Total market capitalization declined by Rs 65 billion to Rs 8.428 trillion. The foreign investors remained net buyers of equities worth $1.13 million against net outflows of $1.78 million during the previous week.
An analyst at AKD Securities said that the MSCI''s semi annual review and sliding oil prices remained the major highlights of the week while investors gave inadequate consideration to other political events including postponement of decision regarding the reopening of Hudaibiya Paper Mills case. In its review, MSCI reclassified ENGRO (down 6.4 percent) from large cap to small cap stocks while FEROZ, PSMC and SHEL have been removed from small cap stocks. E&P companies (PPL/OGDC/POL-1.6/2.6/1.4 percent) tracked declining oil prices (Brent 2.6 percent) while the abrupt shut down of FO based plants disrupted the entire energy supply chain (ATRL/PSO/KAPCO/HUBC down 4.3/5.5/3.6/0.5 percent). Major performance leaders of the AKD universe were ASTL (3.05 percent), NCL (2.23 percent), INDU (1.57 percent), FFBL (1.40 percent) and MLCF (0.96 percent). The laggards included ENGRO (down 6.38 percent), KEL (down 6.12 percent), PSO (down 5.53 percent), CHCC (down 4.88 percent) and EFOODS (down 4.63 percent).
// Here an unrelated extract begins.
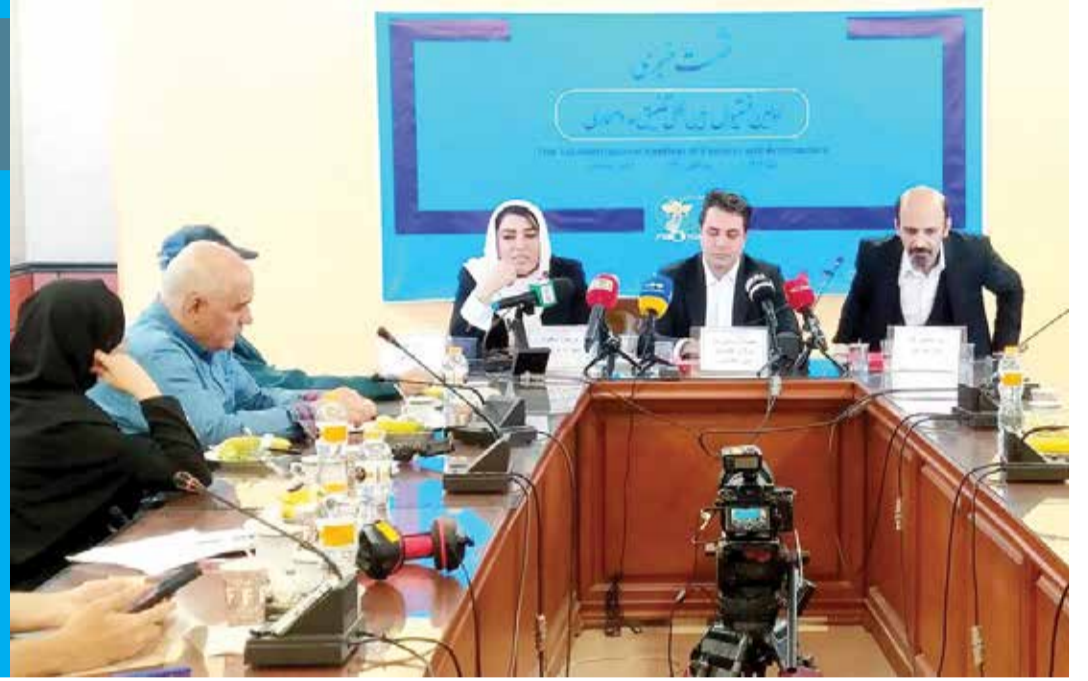
The picture shows the press conference of the first International Festival of Fashion and Architecture held in Tehran on October 22, 2023.

An analyst at JS Global Capital said that lackluster activity prevailed at the bourse again with KSE-100 index plummeting by 1.4 percent on week-on-week basis. Most of the euphoria witnessed during the last week (strong mutual fund buying) fizzled out as political headwinds took charge of affairs. Unsettling news over timing of elections, ongoing court cases (involving ex-Prime Minister, Finance Minister and Imran Khan) etc. made perfect cocktail to keep investors wary of making fresh investments. Matters on macroeconomic front also remained unexciting as released trade deficit numbers for the first four months of FY18 posted a whopping increase of 31.24 percent on year-on-year basis mainly on account of dull exports and rising imports. Keeping weak outlook into consideration, mutual funds and banks turned into net sellers of $16 million and $4.0 million worth of equities, respectively. That said almost all index heavyweights such as Oil & Gas marketing (down 4.5 percent), Oil & Gas exploration (down 1.9 percent), Fertilizers (down 2.7 percent) and Banks (down 1.4 percent) witnessed selling pressure during the week.
An analyst at Arif Habib Limited said a 1.4 percent downtrend in the KSE-100 index during the outgoing week was led by Pakistan losing ground in the MSCI EM index (0.08 percent weight vis- à-vis 0.14 percent previously). While this was perceived as highly likely given 19.3 percent erosion of the market since the official transition (1st June 2017), reception of the outcome remained gloomy. Meanwhile, on the commodity front, interest in international oil prices fizzled out amid rising US stockpiles and Russia admitting undecidedness on further oil cuts.
Bearish sectors leading the bourse to red were Fertilizers (down 172 points) attributable largely to down gradation of ENGRO from the MSCI Mid-Cap to Small Cap, Commercial banks (down 114 points) reacting to the extension in the imposition of Super Tax in FY18, Oil & Gas Exploration (down 111 points) due to pressure on oil prices, Power Generation (down 82 points) as negative news pertinent to FO led to plant closure and Oil & Gas Marketing (down 67 points) due to aforementioned reason.